While the world scrambles to prepare for alternatives to petroleum, concerns with corn-based ethanol--including its effect on rising food prices and its relative inefficiency--have become increasingly apparent. A promising alternative is cellulosic ethanol, which can be made from a variety of biomass feedstocks that place less demand on agricultural land and food-based crops.
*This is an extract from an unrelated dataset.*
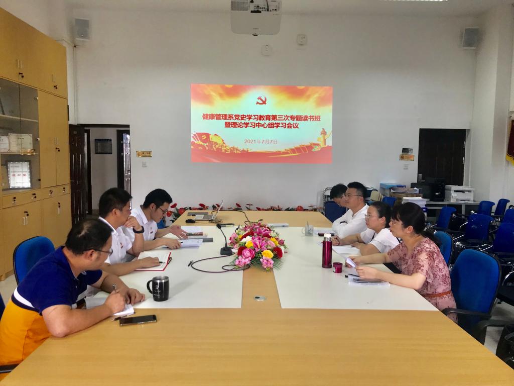 2021年7月7日,健康管理系黨史學習教育讀書班第三次學習暨中心組學習會在會議室505召開專題學習,本次學習會議由健康管理系黨總支書記黃曦主持。

The amount of energy derived from cellulosic ethanol relative to the energy needed to harvest (known as the wells-to-wheels measurement) is also many times greater than that of corn-based ethanol. In December 2007, the Federal Government mandated the production of 36 billion gallons of ethanol annually by 2022, 21 billion of which is to come from cellulosic (non-corn-based) feedstock.
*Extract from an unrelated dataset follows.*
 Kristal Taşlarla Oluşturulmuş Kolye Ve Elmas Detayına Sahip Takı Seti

Coskata's ethanol conversion plants can handle a wide range of carbon-based feedstocks, including woodchips, switchgrass, corn stover, landfill waste, and even old tires. The first step in the process is gasification through combustion, which "cracks" the carbon-hydrogen bonds of the feedstock, turning it into synthetic gas or "syngas," a combination of carbon monoxide, hydrogen, and carbon dioxide.
The combustion process, which is largely self-sustaining, generates heat in the range of 1,700 degrees Fahrenheit. The gas must then be cooled to 100 degrees Fahrenheit before the next stage of the conversion process. According to Coskata, the excess heat can be recovered and used to create steam for co-located corn-based ethanol production facilities.
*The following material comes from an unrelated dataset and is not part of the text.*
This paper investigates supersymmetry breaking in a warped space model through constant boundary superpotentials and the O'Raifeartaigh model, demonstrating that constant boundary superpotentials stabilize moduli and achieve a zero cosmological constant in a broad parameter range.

After being "scrubbed" to remove any particulate debris, the syngas is fed into a bioreactor, where the chemical conversion takes place. Tiny anaerobic microorganisms go to work on the syngas, digesting the hydrogen, carbon monoxide, and carbon dioxide, while producing a mixture of ethanol and water. The microorganism strains used by Coskata were developed at Oklahoma and Oklahoma state universities.
Coskata claims that its microorganisms can extract "almost the entire energy value available in the incoming syngas stream," producing more than 100 gallons of ethanol per dry ton of input material. It says that the use of microorganisms to break down the syngas is more cost-effective than using chemical catalysis (the other major means of converting syngas into ethanol) as the latter requires a purer stream of syngas and relies on expensive catalytic reactors.
The final stage of the process involves separating the ethanol from water, which yields 99.7 percent pure ethanol. Another benefit of the microorganism process is that it requires less water than either corn-derived ethanol production or cellulosic ethanol production using enzymatic pretreatment. Coskata's process uses less than one gallon of water per gallon of ethanol produced. According to the Department of Energy, cellulosic ethanol provides between 4.4 and 6.1 times the amount of energy used to produce it, compared with between 1.3 and 1.7 times for corn-based ethanol.
At present, only around 1,400 of the United States' 170,000 filling stations are ethanol-equipped. Earlier this year, GM's CEO Rick Wagoner said that between 15,000 and 20,000 more are needed. Research from Argonne National Laboratories shows that on a per-gallon basis, greenhouse-gas emissions from cellulosic ethanol are 85 percent lower than those from gasoline.
GM has 11 2008 models that can run on a mixture of 85 percent ethanol and 15 percent gas--known E85--including the Chevy Impala (pictured). The automaker has committed itself to making half of its new cars ethanol-compatible "flex-fuel" vehicles by 2012. Other companies that produce flex-fuel vehicles include Ford, Chrysler, Nissan, and Mercedes.